Parallel Computation of Statistics of a Large Array

Overview

Teaching: 30 min
Exercises: 30 min

Questions

How do we convert a serial program to a parallel program using MPI?

Objectives

Demonstrate the step-by-step conversion of a serial program to a parallel program.

Create a parallel program that computes statistics on a large array from the given serial code.

Investigate parallel speedup and introduction to Amdahl’s Law.

Identify multiple ways to improve (in terms of runtime) the parallel code.

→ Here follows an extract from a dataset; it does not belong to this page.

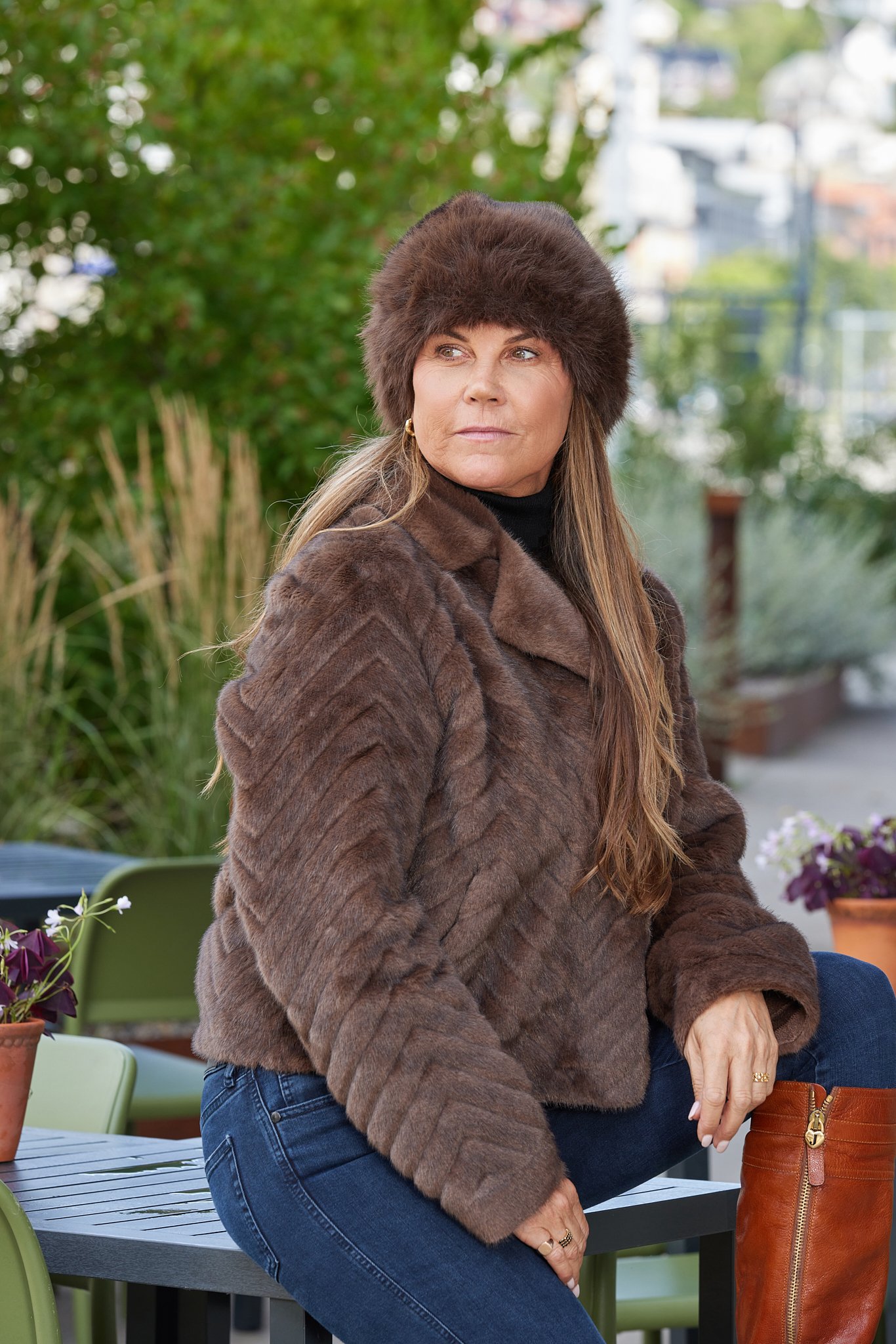 Noma`s nye lekre jakke i fin skåret fuskepels. Jakken har lommer, og exclusive hemper foran med dekorative stener. Denne er one size, kort og rett i fasongen. Passer flere str, da man lett kan flytte festet til hempene hvis man behøver det.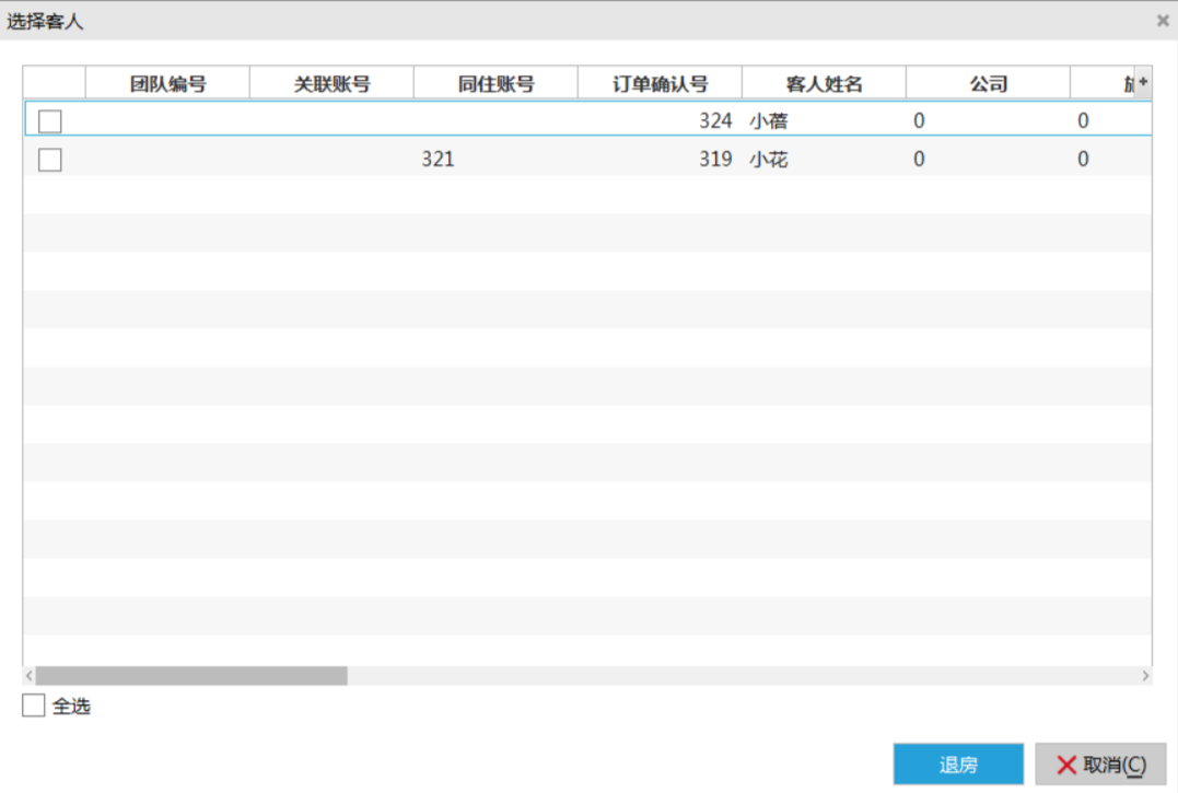 点击退房按钮可办理客人的结账退房操作。点击取消按钮则夜核过程终止。

Improvement by utilizing compiled-language routines/libraries instead of pure Python

Parallel Computation of Statistics of a Large Array

Problem Introduction

Execute rand_reduction.py, that computes the mean and standard deviation of a large set of random numbers (N=10,000,000) in serial (and afterwards, in parallel). First, we will gain an understanding of the serial code (rand_reduction.py) and note the total time. Run the code three times to get an idea of the real run time (there is a fluctuation in the timing). Second, identify and then add timing for the different sections of code. Third, change the serial code into parallel.

Part 1: Exploring the serial version of the serial code

Navigate to /handson/reduction/. This code is saved under rand_reduction.py (and rand_reduction.slurm).

#!/usr/bin/env python3
# rand_reduction.py computes the mean and standard deviation
# of a large set of random numbers in serial.
#

import sys
import time
import numpy

startTime = time.time()

# Randomly generate numbers to sum over:
COUNT = 10000000
SEED = COUNT    #random seed is the same as COUNT

# We use a hard-coded random seed so the random numbers are always identical
# across all runs.
numpy.random.seed(SEED)
NUMBERS = numpy.random.random((COUNT,))

# numbers_w will be the array of data assigned to this worker
# to sum over:
numbers_w = NUMBERS

print("Sum", len(numbers_w), "numbers")
if len(numbers_w) > 6:
    print("Numbers to sum: ", numbers_w[:3], "...", numbers_w[-3:])
else:
    print("Numbers to sum: ", numbers_w)

# Compute the sum of the numbers (--> sum_w)
# and the sum of the square of the numbers (--> sum2_w).
# We could have used the `sum` built-in function here;
# but we choose the slower route so that we can "feel" the work.
sum_w = 0
sum2_w = 0
for n in numbers_w:
    sum_w += n
    sum2_w += n * n

# Report the temporary results here
print("Sum of numbers: ", sum_w)
print("Sum of squares: ", sum2_w)

ALL_SUM = sum_w
ALL_SUM2 = sum2_w

STD_DEV = numpy.sqrt(ALL_SUM2 / COUNT - (ALL_SUM/COUNT)**2)

endTime = time.time()

print("Total sum of all the numbers = ", ALL_SUM)
print("Average of all the numbers   = ", ALL_SUM/COUNT)
print("Std dev of all the numbers   = ", STD_DEV)
print("Total run time               = {:.3f} s".format(endTime - startTime))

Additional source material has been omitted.